Every change creates a new version in the deployment system, giving you a full audit trail of how your agents evolved over time.
Constraints And Guardrails
Constraints enforce business rules throughout agent execution. They are evaluated at specific checkpoints — before tool calls, after data collection, and at task completion.
CONSTRAINTS:
pre_refund:
- REQUIRE order.eligible == true
ON_FAIL: "This order is not eligible for a refund."
- REQUIRE refund_amount <= 1000
ON_FAIL: ESCALATE "Refund exceeds automatic approval limit"
When a constraint fails, the configured ON_FAIL action executes: a message to the user, a handoff to another agent, or an escalation to a human operator.
Guardrails provide additional safety checks on agent output — content moderation, PII detection, topic boundaries, and format validation. These run after the LLM generates a response but before it reaches the user.
Tracing
Every execution emits trace events that capture the full decision path. Traces let you answer questions like: why did the agent route this way, which tools were called, and how long did each step take?
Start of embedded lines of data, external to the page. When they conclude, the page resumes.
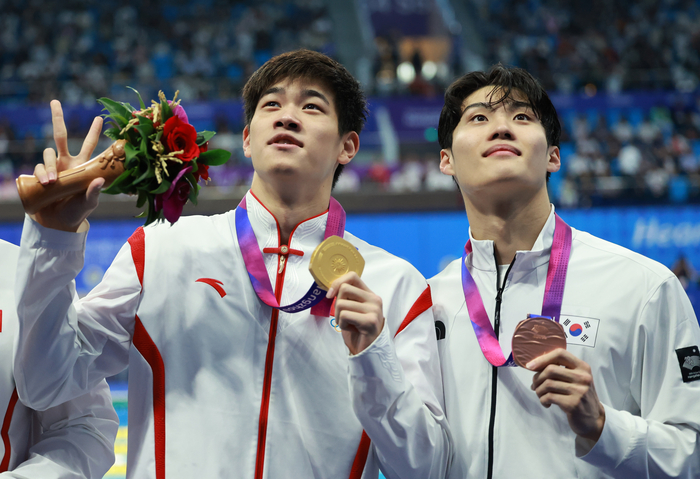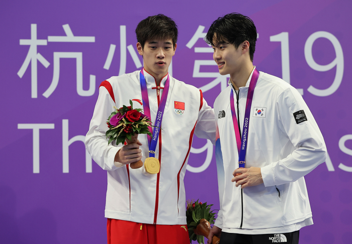 황선우는 “판잔러가 중국에서 슈퍼스타 아닌가. 자신의 홈에서 자유형 200m 레이스를 마친 뒤 내 손을 들어줬다. 많은 팬들의 함성을 들었다. 굉장히 기분 좋았다”며 웃었다.
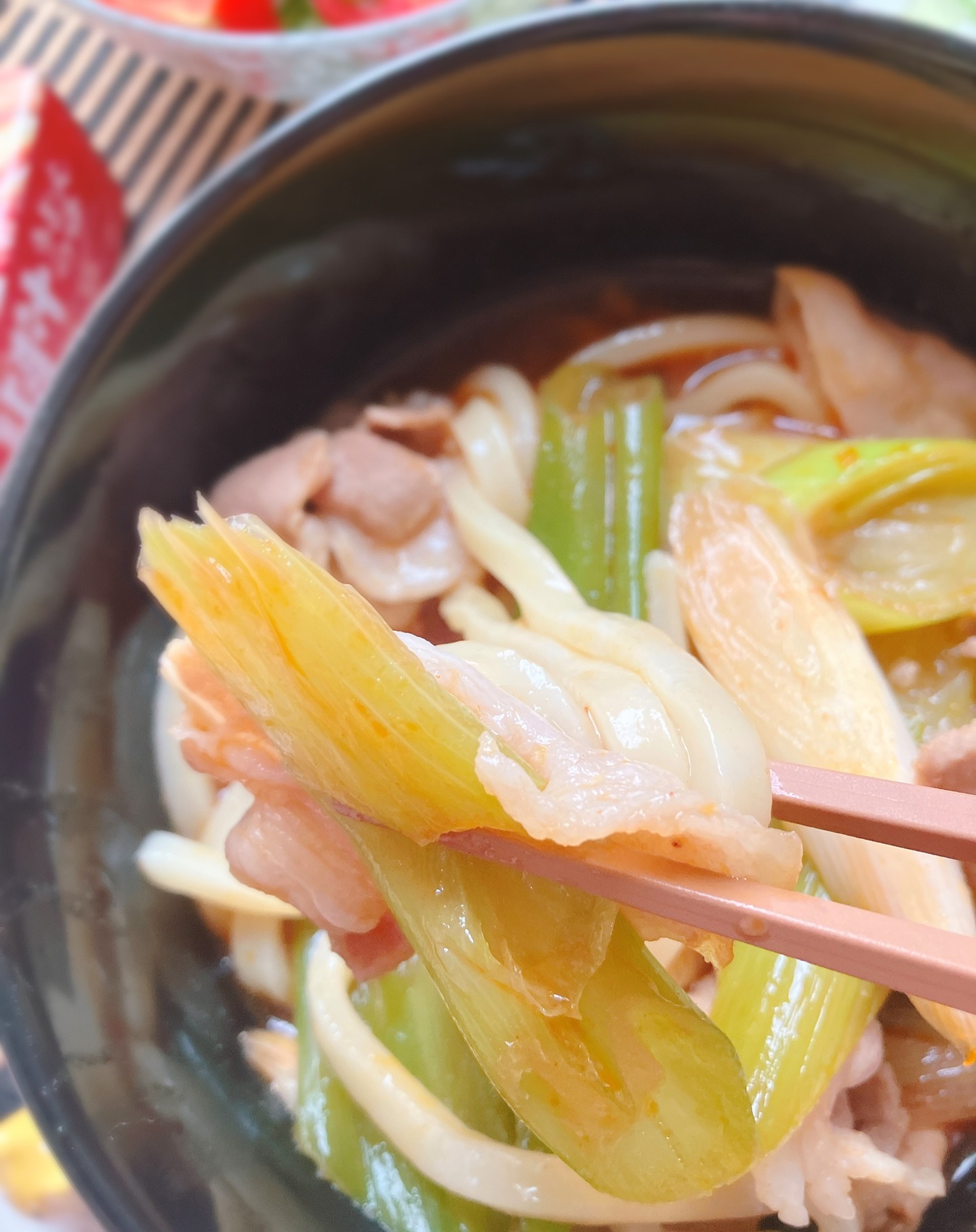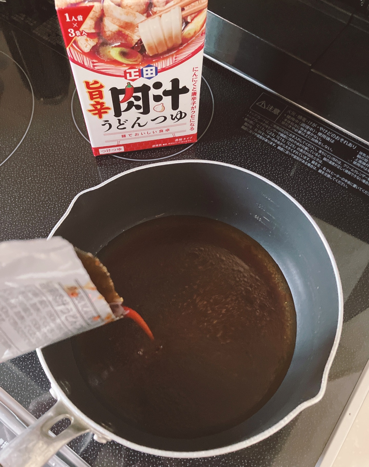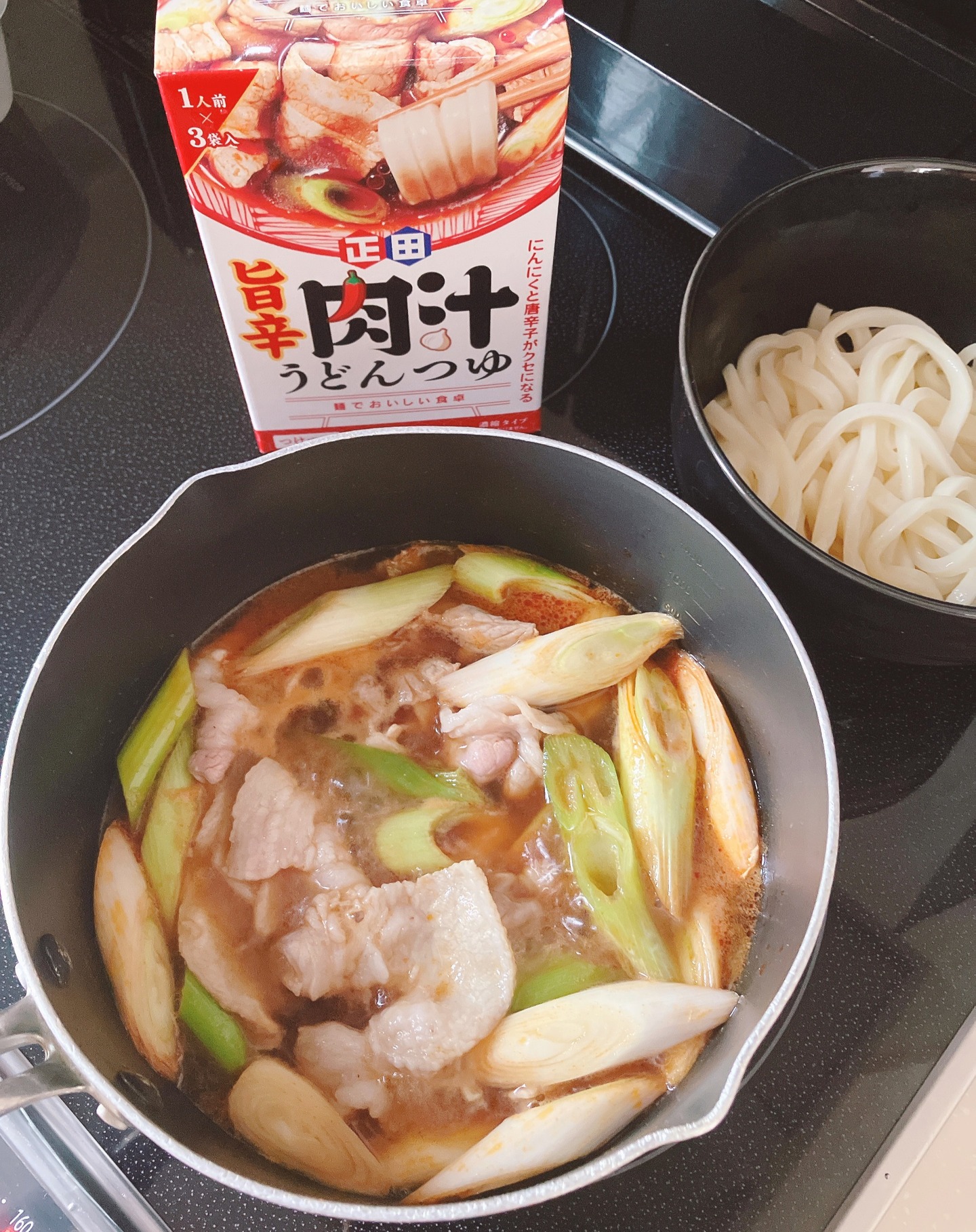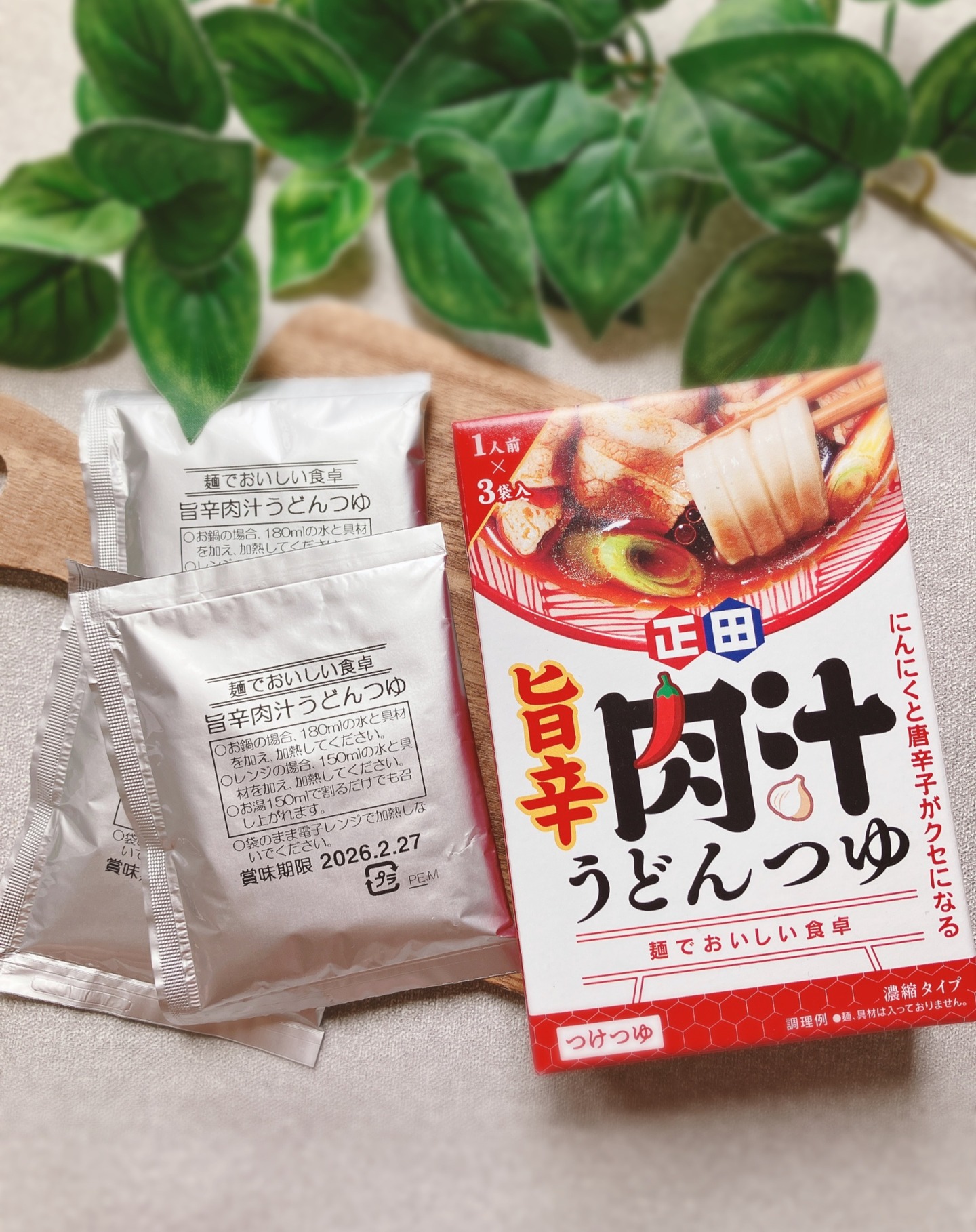 今日は、唐辛子とにんにくの程よいパンチがとっても美味しい!正田醤油様の”旨辛肉汁うどんつゆ”を使って一品!🔥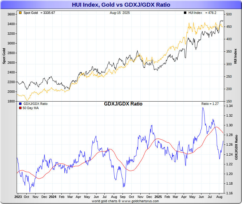 HUI Index & Gold vs GDXJ/GDX Ratio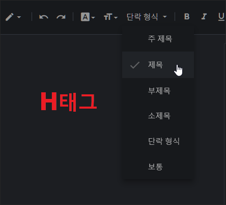 구글 블로그인 블로거로 포스팅하다 보면 다소 헷갈리는 부분이 에디터 상단 메뉴 중 단락 형식을 누르면 나오는 H 태그 중 소 제목들에게 어떤 태그부터 적용해야 할지 잘 모른다는 점입니다. 보통 구글 블로거의 기본 테마들 중 하나를 사용한다면 제목 태그에는 h3가 적용되어 있었습니다. 이 이야기는 포스팅 내용 중 가장 큰 제목은 h4 태그인 소 제목부터 만 사용해야 한다는 결론입니다.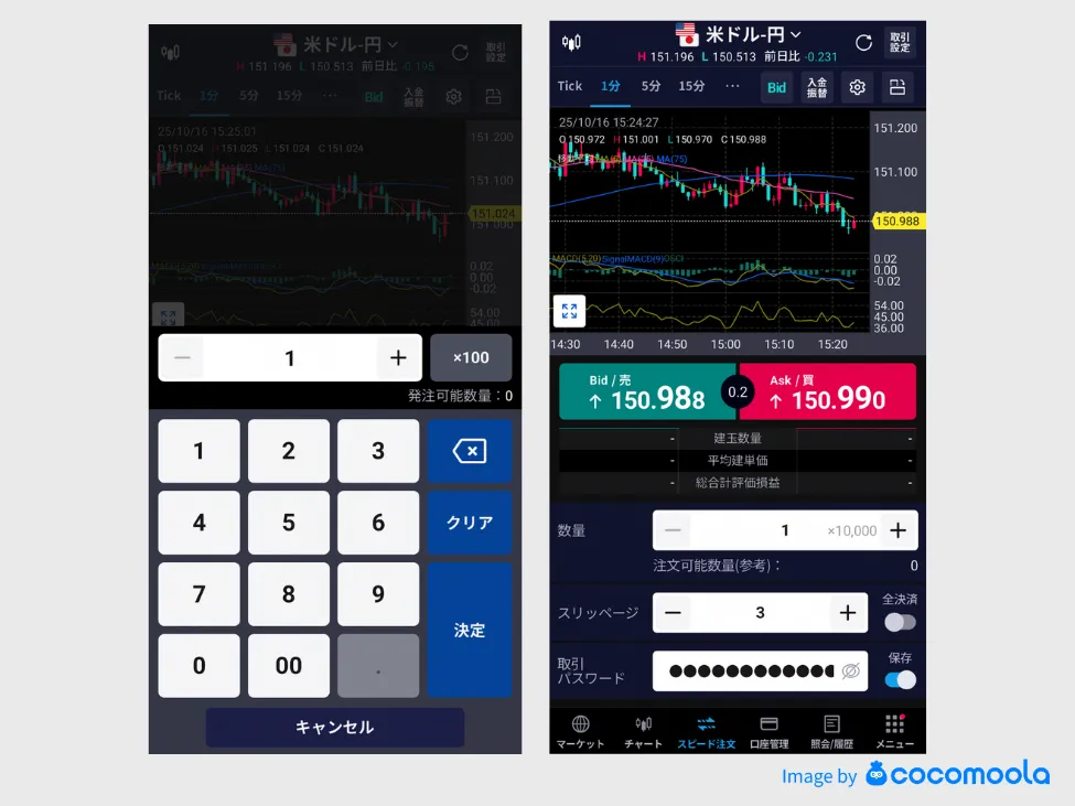 シンプルかつ丁寧に設計された画面構成で、初心者でも安心して使える印象。テクニカル機能も必要十分で、スマホでの注文もスムーズに行えます。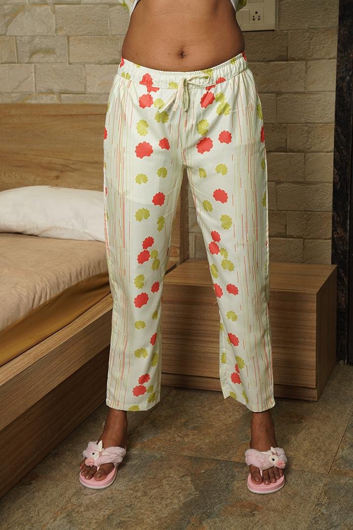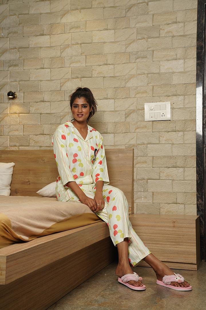 Cream Yellow Floral Print Beige Pajama Set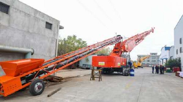 我公司生產(chǎn)的可移動(dòng)式混凝土運(yùn)輸、澆筑設(shè)備——自行帶式混凝土布料機(jī),小時(shí)澆筑強(qiáng)度可達(dá)270m3。為了解決混凝土布料機(jī)的供料問(wèn)題,自行研制了可移動(dòng)式上料平臺(tái)。

| Event | What It Captures |
|---|
execution.queued | Message received, position in queue. |
execution.started | Processing begins, agent identified. |
handoff_match | Supervisor routing decision and target. |
tool_call | Tool name, parameters, timing. |
tool_result | Tool response, success/failure, duration. |
gather_extraction | Fields extracted from user message. |
constraint_check | Constraint evaluation, pass/fail. |
flow_transition | Flow step change with reason. |
thread_return | Child agent returning to parent. |
execution.completed | Final response, total duration, token usage. |
Traces are available in Studio’s session detail view. For programmatic access, traces are available through the platform API.
Set trace verbosity to verbose during development to see detailed decision reasoning — why the LLM chose a specific tool, why a constraint passed or failed, and how entity extraction matched values to fields.